___ GIVEN DATA ___

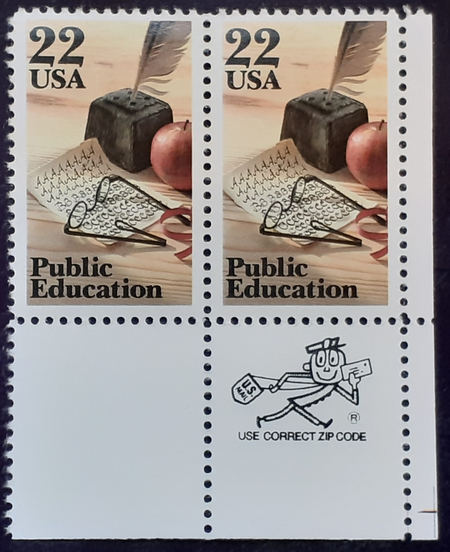 Public Education postfrisch gummiert; zwei Marken zu 22 US-Cent; die Briefmarke erschien am 1.10.1985; mit Mr. ZIP am Bogenrand; sehr guter altersgemäßer Zustand Preis: 3 EURO |
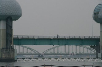 / 船,帽子,橋,人,救命胴衣,空,車,植物,河畔植生
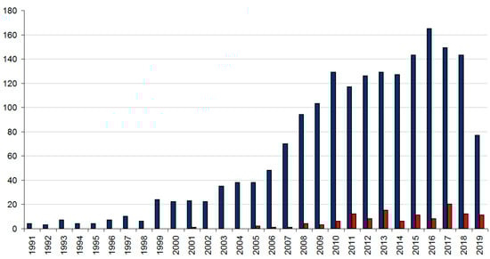 Annual numbers of publications on the topic of ring-opening polymerization of cyclic esters (blue) and numbers of publications that include DFT modeling of ROP (red), Web of Science data (Thomson-Reuters, October 30, 2019).

___

WORK ITEM: Quote the preceding listing precisely and completely, omitting its images.

WRITTEN SOLUTION:
 Public Education postfrisch gummiert; zwei Marken zu 22 US-Cent; die Briefmarke erschien am 1.10.1985; mit Mr. ZIP am Bogenrand; sehr guter altersgemäßer Zustand Preis: 3 EURO |
 / 船,帽子,橋,人,救命胴衣,空,車,植物,河畔植生
 Annual numbers of publications on the topic of ring-opening polymerization of cyclic esters (blue) and numbers of publications that include DFT modeling of ROP (red), Web of Science data (Thomson-Reuters, October 30, 2019).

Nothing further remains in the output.